======== Data ========
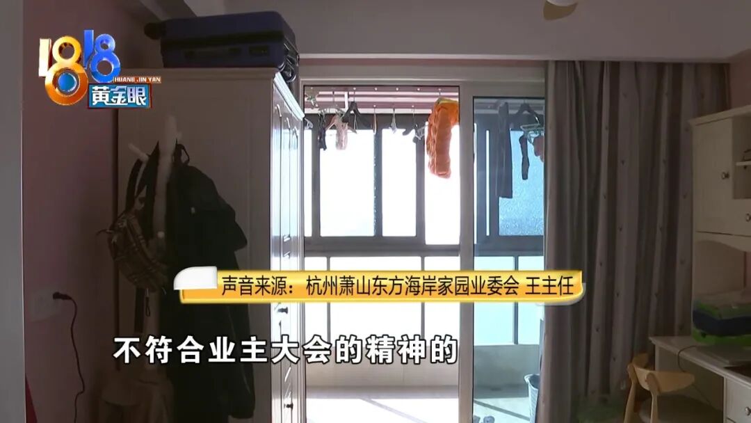 杭州萧山东方海岸家园业委会 王主任:“在去年业主大会上,已经通过了包阳台的决议,决议写得很清楚,就是在业委会的统一安排下,进行封包,如果私自封包,首先一个外立面的不统一可能会造成小区外立面整体环境的破坏。现在这几家,等于在我们的方案都还没有出来之前,自己就包上了,从这个行为上来讲,我们认为是不符合业主大会的精神的。”
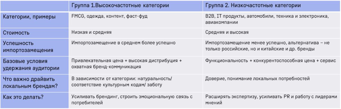 Что делать локальным брендам в такой ситуации? Как минимум, не надеяться, что обратного переключения не будет. Будет. Как максимум — разработать стратегию в зависимости от категории, конкуренции и ценового сегмента. Для первой группы, высокочастотных брендов, важно соблюдать баланс: привлекательная цена, высокая дистрибуция, охватная бренд-коммуникация. В коммуникации, в зависимости от категории, можно делать акцент на натуральность и региональное производство, например, для продуктовых категорий, на понимание культурных кодов и актуальных потребностей аудитории – для контента и фэшн. Все это неразрывно связано с выстраиванием сильного бренда помимо развития качественного продукта. Для второй группы категорий цена ошибки выше и поэтому на первый план выходит функциональность, конкурентоспособная цена и сервис. Эти базовые характеристики строят доверие, но на него также можно работать и в медиа: через экспертов и лидеров мнений.
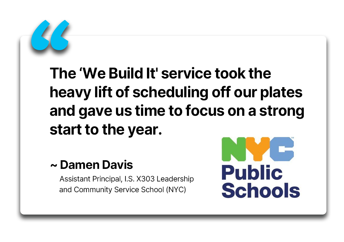 Our scheduling experts are here to support you every step of the way, offering strategies grounded in best practices and hands-on guidance whenever you need it. With clear insights into how scheduling impacts instructional time and student outcomes, you can make informed, strategic decisions that align your schedule to your school’s goals and grow as a school leader.
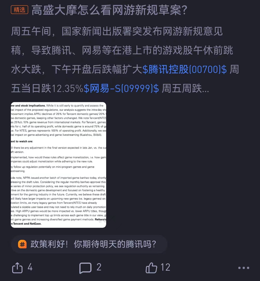 有價值的原創信息/精編信息: 提供有關投資的原創信息,包括投資思考、交易覆盤、大額曬單分享等。我們也鼓勵提供經過精編後的信息,並附上相應的分析。
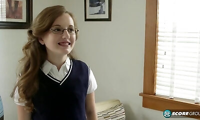 Nerdy schoolgirl gets her first internal cumshot from her stepfather
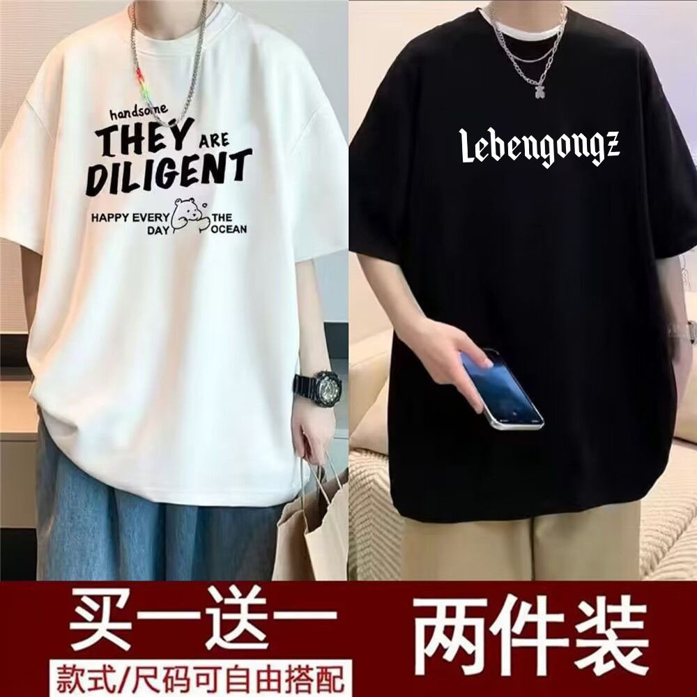 【买一送一】夏季短袖t恤男2024新款五分袖男装港风潮半袖男体恤
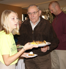 The students helped carry food to the tables, ate and visited with the guests, presented a program, and gave thank you cards from the students of the entire school.
========
Give back every entry verbatim. No pictures belong in the copy.

Reply –
 杭州萧山东方海岸家园业委会 王主任:“在去年业主大会上,已经通过了包阳台的决议,决议写得很清楚,就是在业委会的统一安排下,进行封包,如果私自封包,首先一个外立面的不统一可能会造成小区外立面整体环境的破坏。现在这几家,等于在我们的方案都还没有出来之前,自己就包上了,从这个行为上来讲,我们认为是不符合业主大会的精神的。”
 Что делать локальным брендам в такой ситуации? Как минимум, не надеяться, что обратного переключения не будет. Будет. Как максимум — разработать стратегию в зависимости от категории, конкуренции и ценового сегмента. Для первой группы, высокочастотных брендов, важно соблюдать баланс: привлекательная цена, высокая дистрибуция, охватная бренд-коммуникация. В коммуникации, в зависимости от категории, можно делать акцент на натуральность и региональное производство, например, для продуктовых категорий, на понимание культурных кодов и актуальных потребностей аудитории – для контента и фэшн. Все это неразрывно связано с выстраиванием сильного бренда помимо развития качественного продукта. Для второй группы категорий цена ошибки выше и поэтому на первый план выходит функциональность, конкурентоспособная цена и сервис. Эти базовые характеристики строят доверие, но на него также можно работать и в медиа: через экспертов и лидеров мнений.
 Our scheduling experts are here to support you every step of the way, offering strategies grounded in best practices and hands-on guidance whenever you need it. With clear insights into how scheduling impacts instructional time and student outcomes, you can make informed, strategic decisions that align your schedule to your school’s goals and grow as a school leader.
 有價值的原創信息/精編信息: 提供有關投資的原創信息,包括投資思考、交易覆盤、大額曬單分享等。我們也鼓勵提供經過精編後的信息,並附上相應的分析。
 Nerdy schoolgirl gets her first internal cumshot from her stepfather
 【买一送一】夏季短袖t恤男2024新款五分袖男装港风潮半袖男体恤
 The students helped carry food to the tables, ate and visited with the guests, presented a program, and gave thank you cards from the students of the entire school.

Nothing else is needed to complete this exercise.